Outros terrenos e casarões do bairro foram vendidos e deram espaço para prédios comerciais e condomínios. “Quando eu vim do Rio, em junho de 1995, tinha um radialista chamado Zeno Bandeira, ele gostava muito das minhas orações e dizia que em São Paulo eu nunca mais ia ver o sol, pois aqui só tinha garoa. Era, então, para eu botar a garoa para correr.
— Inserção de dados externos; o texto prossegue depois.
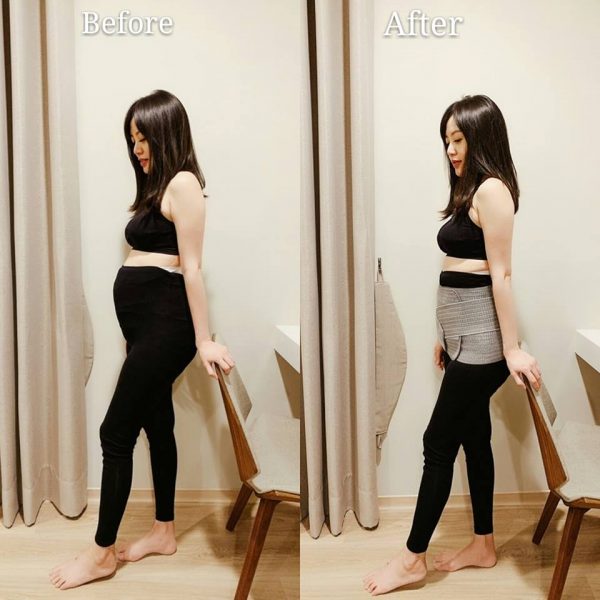 我都是直接接觸皮膚使用,它沒有讓我過敏紅癢耶~皮膚真的很敏感的人也可以穿件內搭衣再使用束腹帶~而且它的彈性無敵好,到月子中心後,每天會有護士來幫我們綁束腹帶,都會拉非常緊(肚子會變超平),但我是想要雕塑又舒服,後來都叫他們不用拉到很緊啦!效果就很明顯了! #照片2 #有比較有差別呢!

Se você notar, desde o tempo que eu estou aqui, a garoa desapareceu mesmo”, comenta a benzedeira.

Outras referências

Inspirado nas histórias sobre a presença negra na região, Guilherme Soares Dias, criador do Guia Negro e da agência Black Bird, montou um passeio turístico pela Bela Vista e Bixiga. “Desde os quilombos, passando por trabalhadores dos casarões dos barões do café na Avenida Paulista, até os dias atuais quando temos uma forte presença negra”, conta.

O passeio, que acontece desde 2019, inclui curiosidades históricas como a da igreja da Nossa Senhora da Achiropita, que abriga uma pastoral negra e realiza casamentos, missas e batizados afros. A próxima data do passeio é dia 14 de novembro.

Outra figura importante na história negra do bairro é a capoeira do mestre Ananias, morto em 2016. Ananias Ferreira nasceu em São Félix, em 1924, no recôncavo baiano, e mudou-se para São Paulo em 1953, para ensinar capoeira e trabalhar no teatro apresentando samba e candomblé.

Em 2007, foi instalada na Bela Vista a sede da Casa Mestre Ananias que se tornou um projeto cultural com atividades como aulas de violão, cerâmica, dança e capoeira para todas as idades. Além de festas tradicionais, como o Caruru de Cosme e Damião, festa junina e o aniversário do mestre Ananias, no mês de dezembro.

“A gente faz a música do jeito que a gente acredita e a capoeira do jeito que o mestre deixou”, afirma Rodrigo Lima, o Rodrigo Minhoca, um dos filhos de capoeira do mestre Ananias e fundador do projeto.